India Inc.’s Boards – Shaken And Stirred?BloombergQuintOpinion
In its last issue, before it regrettably bowed out, Punch, the British cartoon magazine had a visual of a person walking out of the Met office with a rain umbrella on a bright sunny day. When asked by an acquaintance whether he had resigned from his position, the gentleman said, “I could not continue. The weather did not agree with me.”
It would be useful to check with departing Independent Directors whether they found the atmospherics in the boardroom a little too difficult to handle.
Fast forward to 12 months from now, and visualise the goings-on before and during a board meeting.
Fast Forward To December 2020....
A few minutes prior to the meeting, a bunch of serious men and women, with no time or inclination for levity, are marching into the boardroom armed with well-thumbed copies of the Companies Act, 2013, SEBI’s LODR Regulations, 2015 (listing regulations), SEBI’s PIT Regulations (prevention of insider trading), a basic book on accountancy, and the latest compilation of Secretarial Standards.
The more diligent among them might also carry a copy each of the compilation of the accounting standards as well as the code of conduct of the company.
As soon as the meeting commences, with one or more participants joining over by video conference, the roll call is taken.
One of the participants joining the meeting through video conferencing, is in the process of stating, for the record, that he/she has received all the agenda notes and that there is no one else in that room.
Exactly at that point, a bearer walks into the room with a tea tray, and checks what the director would like for snacks, to attend to his physical needs, while he grapples with the cerebral matters on the Board agenda.
One of the directors points out that the certification is incorrect since, at the relevant time, the director participating through video conferencing was not alone in his room. The latter is then requested to go through the process again, after ensuring that the tea boy does not surface with the snacks.
After the proceedings commence, with the requirement of quorum having been satisfied, the minutes of the previous meeting are taken up for confirmation.
One of the directors, somewhat apologetically, states that one portion of the minutes needs to be recast to accurately capture the discussions of the previous meeting.
Another director immediately pounces on him and says that under the Secretarial Standards, he should have sent his comments in time, and once the minutes are finalised, and placed before the board for noting, no fresh thinking on the subject is allowed.
This being a meeting to approve the quarterly accounts, all directors certified as having a basic knowledge of accountancy, are sitting straight in their chairs.
The accounts running into multiple pages, with multiple columns each, are carried around the table by a person from the secretarial department and each director is expected to sign wherever indicated.
The question of any director bringing his/her knowledge of basic accountancy into the proceedings does not arise since there is no luxury of time to even read the papers.
Every director seeks comfort from seeing who else has signed, and promptly affixes his/her signature. Even when sentenced for helping to cook up books, it is useful to have known persons as fellow inhabitants, wherever one is detained.
Next come the items relating to strategy.
The Act and SBI LODR indicate that the board has a role in the formulation and finalisation of strategy.
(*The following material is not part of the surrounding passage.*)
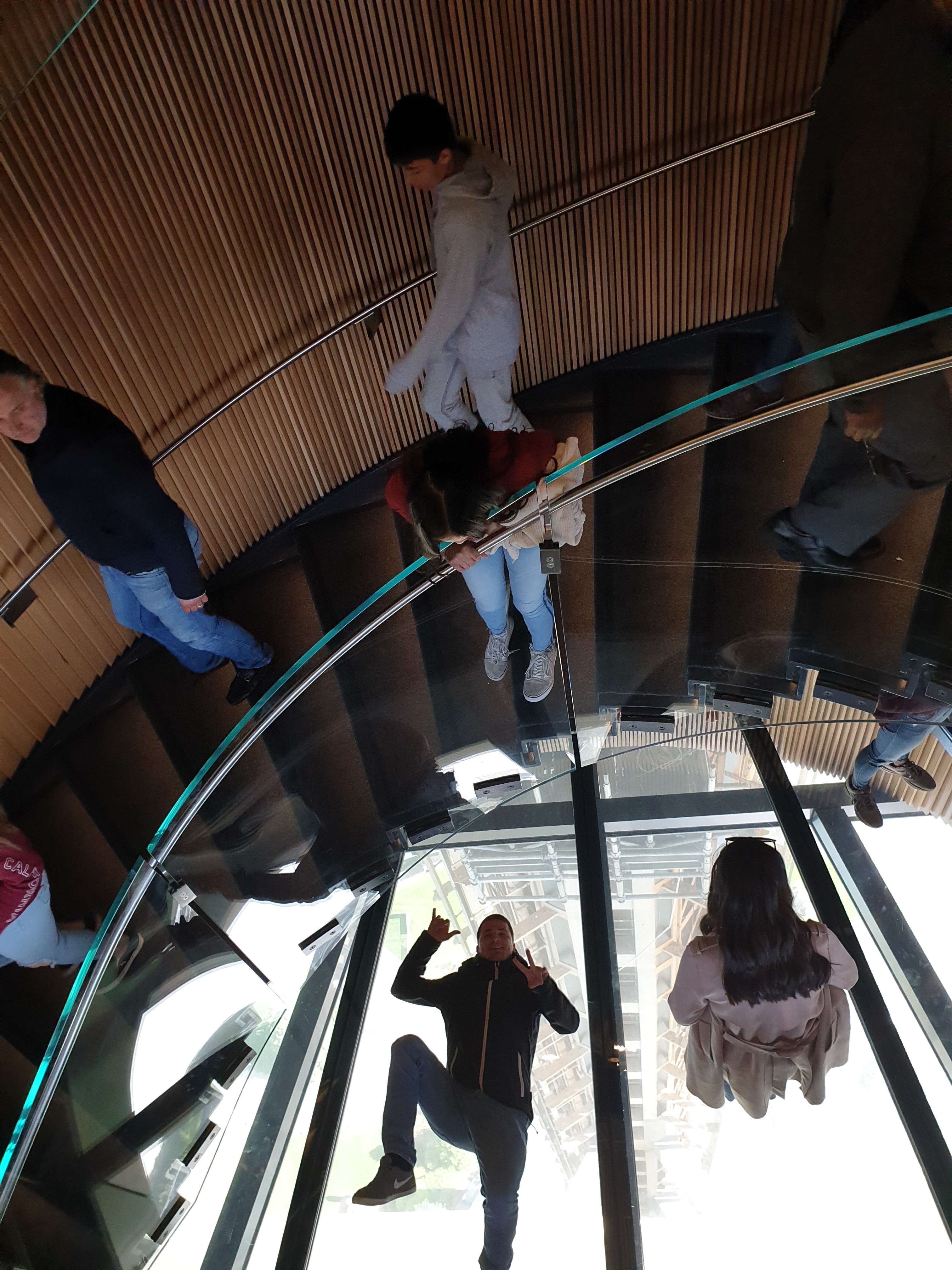 Äh- ja , da liegt Philipp auf einem Glasboden, welcher den Abgrund nicht nur erahnen lässt… Alleine das Foto zu machen war schon eine Herausforderung für mich.

However, the proficiency test passed by the directors does not seem to have equipped them for dealing with these minor matters.
Succession planning is taken up next.
The Managing Director, who is the promoter’s son/daughter, is in the process of persuading the father that one can become a Chairman Emeritus only in one’s lifetime, and that the father has earned that position by building the company.
A couple of persons in the boardroom believe that the time has come for some humour, and remark on how long Prince Charles has had to wait, with no hope in sight, for assumptions of the throne.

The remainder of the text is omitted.